Mon Dieu - SocGen gets hit by rogue trader Thursday, January 24, 2008
SocGen has just reported that it has uncovered a "fraud" by one of its traders which will have a €4.9bn ($7.16bn/£3.1bn) negative impact on the group, France’s second-largest listed bank. The Bank's shares have been suspended.
Apparently the London based trader, who worked in Equity derivatives, took some massive bets over a number of months on European Share Indices that went horribly wrong. Amazingly he was using plain vanilla futures and covered up his trail with a series of fictitious transactions, which he was able to conceal because of his familiarity with internal controls from his past employment in the Middle Office.
Yikes. That is a serious loss of internal control.
SocGen press release is here
UPDATE : Hurrah. The latest rumour is that the trader is apparently Paris based and not London.
UPDATE : Confirmed by the FT. The rogue trader is Jérome Kerviel, a Frenchman in his thirties who joined SocGen in 2000. He worked for three years in the bank’s back office before being promoted two years ago to the Delta One trading desk, handling proprietary deals in futures for European stock indices. He was based in SocGen’s Paris headquarters at La Défense.

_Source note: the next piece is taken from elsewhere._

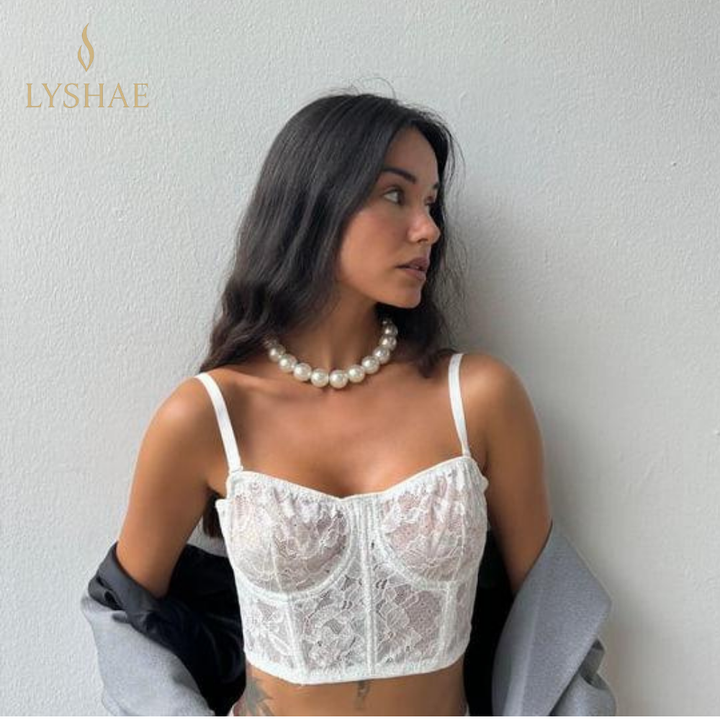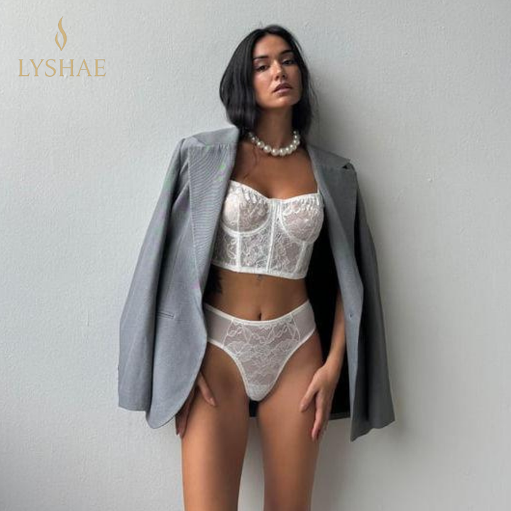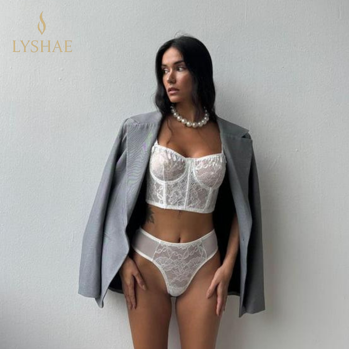 Lyshae Beyaz Dantel Korse Bralet Takımı, zarafeti ve feminen şıklığı en üst seviyeye taşır. Beyaz dantel bralet, modern korse yapısı ve konforlu tasarımıyla hem günlük kullanımda hem de özel anlarda seni öne çıkarır. İnce işlenmiş dantel detaylarıyla sofistike ve premium bir stil sunar.

The bank said it had no more exposure to the trader’s positions, which were identified and analysed on January 19 and 20 and then unwound just as stock markets crashed unexpectedly around the world on January 21
Jean-Pierre Mustier, head of investment banking who had been seen as a potential successor to Mr Bouton, said the position occupied by the rogue trader was only expected to generate €20m of revenue a year. “The specific pattern of his transactions was that they used fake transactions rolled on a permanent basis,” said Mr Mustier. The fraud was discovered after the trader made an error with a fictitious counterparty. Its extent became clear over the weekend, when the bank‘s management interviewed Mr Kerviel.
SocGen said that Mr Kerviel was responsible for trading futures on European equity market indices, and had taken “massive fraudulent directional positions” in 2007 and 2008, many of which had made a profit in 2007. It was positions he had taken since the start of the year that caused the losses.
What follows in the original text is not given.